# A solemn farewell to 416 Squadron



## RL206 (23 Jul 2006)

http://www.durhamregion.com/dr/regions/oshawa/story/3597205p-4157994c.html
A solemn farewell to 416 Squadron 

Jul 18, 2006

             
OSHAWA -- Mayor John Gray, members of City council, residents and guests bid farewell last week to 416 "City of Oshawa" Tactical Fighter Squadron at a special ceremony honouring its contributions to Canada and the world.

The 416 Squadron -- also known as the Lynx -- was originally formed on Nov. 22, 1941 during the Second World War and disbanded on July 6, 2006. 

Over its history, the 416 Squadron flew fighter aircraft such as the Spitfire, Mustang, Sabre, Canuck and CF-101 Voodoo, and, beginning in 1988, exclusively the CF-18 Hornet.

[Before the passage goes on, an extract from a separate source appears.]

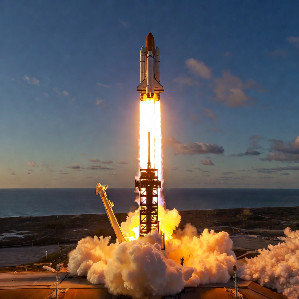 Space Shuttle Launching at Dusk

During the close-out ceremony held July 14, five former members of 416 Tactical Fighter Squadron handed over the Colours -- the Squadron Ceremonial Flag and "Lynx" -- to the City to hold in trust.

The colours will be guarded and prominently displayed at City Hall until the squadron is called upon again to serve Canada. The colours act as a tribute to the 39 members killed or missing during the Second World War and to the 17 members lost while serving with 416 Tactical Fighter Squadron since. 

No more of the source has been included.